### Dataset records
▽

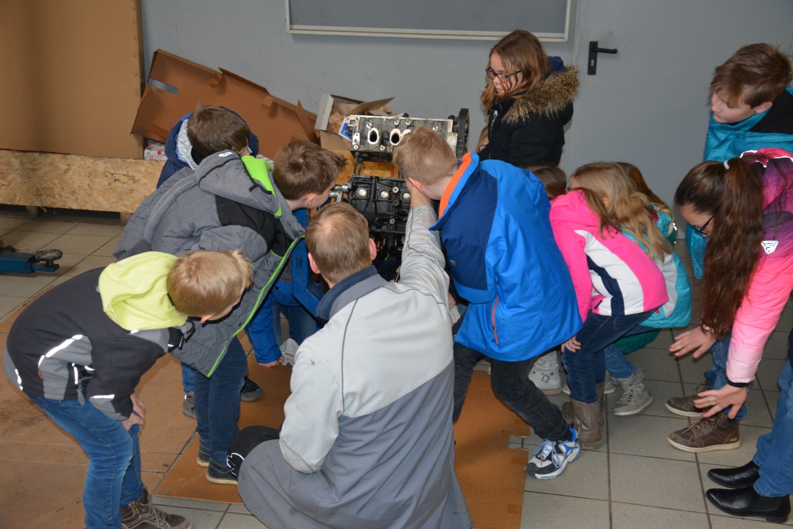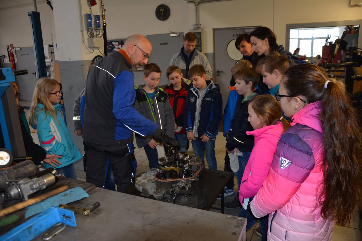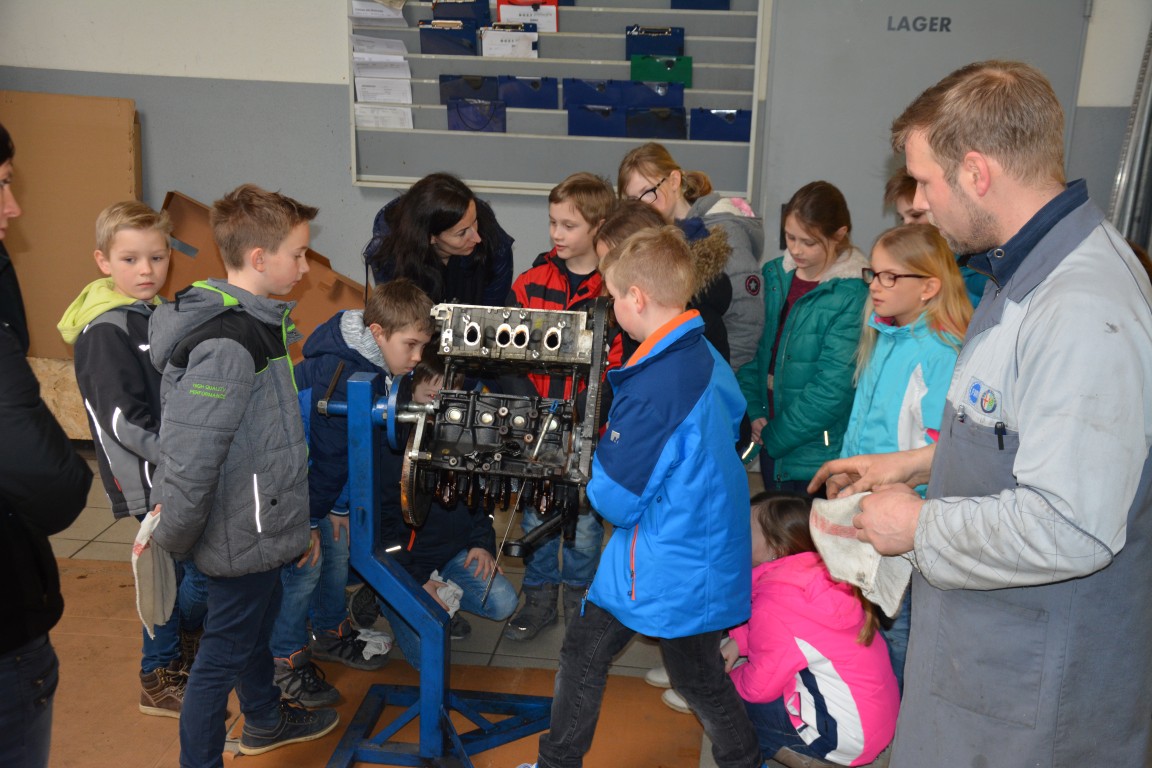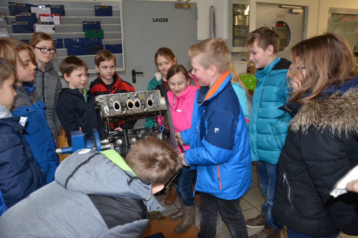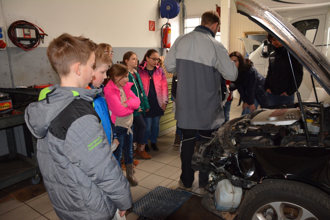 15. März 2018Am 15. März – in der Werkstunde – gingen die 4.Klassler der Jami – Klasse zu Fuß zum Autohaus Picheslberger. Als wir dort nach einer halben Stunde ankamen, stärkten wir uns mit ein paar Süßigkeiten. Florians Mama Rita führte uns danach in die Werkstatt. Dort begrüßte uns auch sein Papa Andreas. Zuerst zeigte er uns ein Wohnmobil, das mit der Hebebühne hochgehoben worden war. So konnten wir direkt unter das Fahrzeug schauen. Danach gingen wir um die Ecke, wo Manfred – der Opa von Florian – gerade ein Auto mit dem Schweißgerät reparierte. Ein paar Minuten später führte Andreas uns zu einem Auto, bei dem die Motorhaube offen war und man direkt den Ottomotor sah. Ein Mitarbeiter zeigte uns bei einem anderen Auto die zwei Bremsklötze und wir durften selbst mal Hand anlegen und die Bremsklötze möglichst fest andrücken, sodass sich das Rad nicht mehr drehen konnte. Der Lehrling Gabriel zeigte uns wie man einen Reifen flickt. Bei der nächsten Station zeigte uns Florians Papa bei einem ausgebauten Motor die Zylinder. Zum Schluss wurde uns noch ein Getriebe gezeigt. Jeder von uns durfte ein Getriebeteil in der Hand halten. Kurz darauf gingen wir in die Schule zurück.
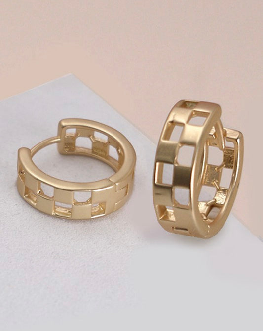 Mini Checkered Cutout Tarnish Free Hoop Huggie Earrings
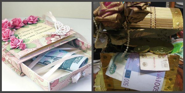 Лучше всего подарить деньги в красивой и оригинальной шкатулке, которая послужит для хранения денег в будущем. Очень актуален такой подарок и тогда, когда в новой семье ожидается пополнение.
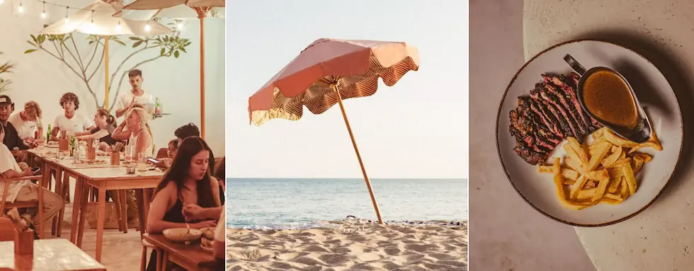 Beach lunch → sunset drinks → destination dinner → live music bar.
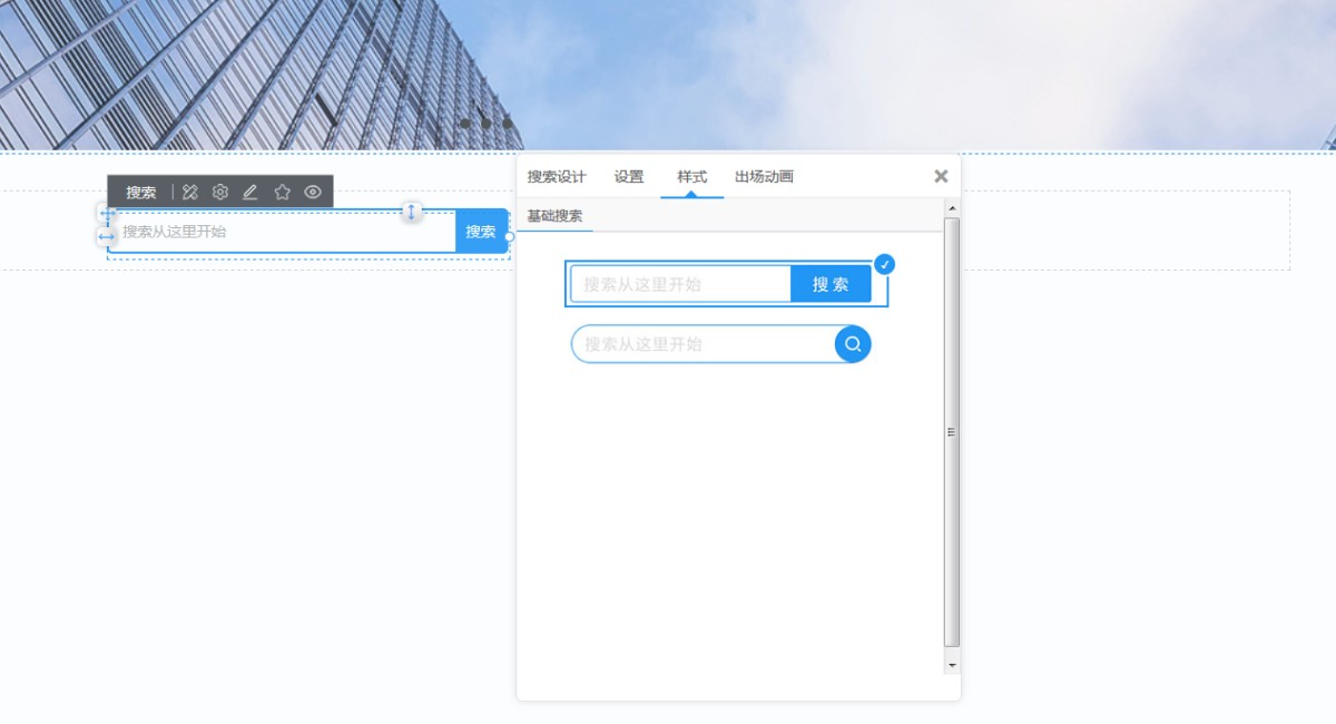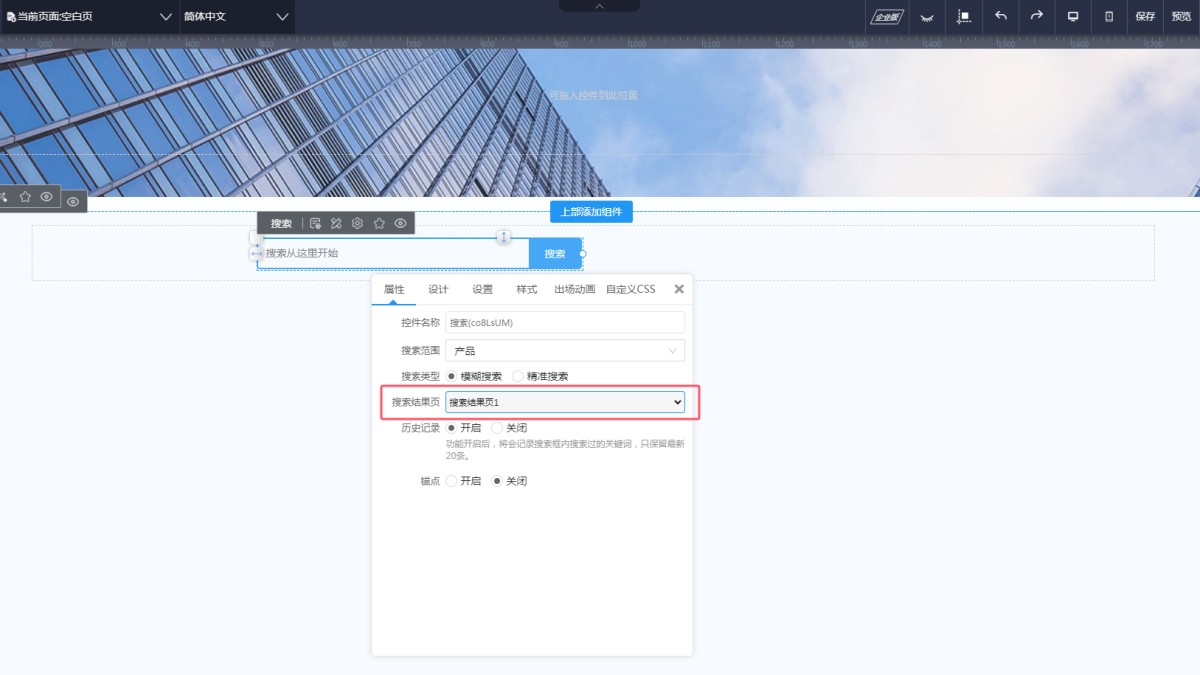 1,在工具库里点击搜索控件,选择合适的样式拖入到页面上。

△

### WORK TASK
Return word for word the line bearing "Beach lunch →" and every later line of the entries, but none of the pictures.

### OUTPUT FOR THIS EXERCISE
 Beach lunch → sunset drinks → destination dinner → live music bar.
 1,在工具库里点击搜索控件,选择合适的样式拖入到页面上。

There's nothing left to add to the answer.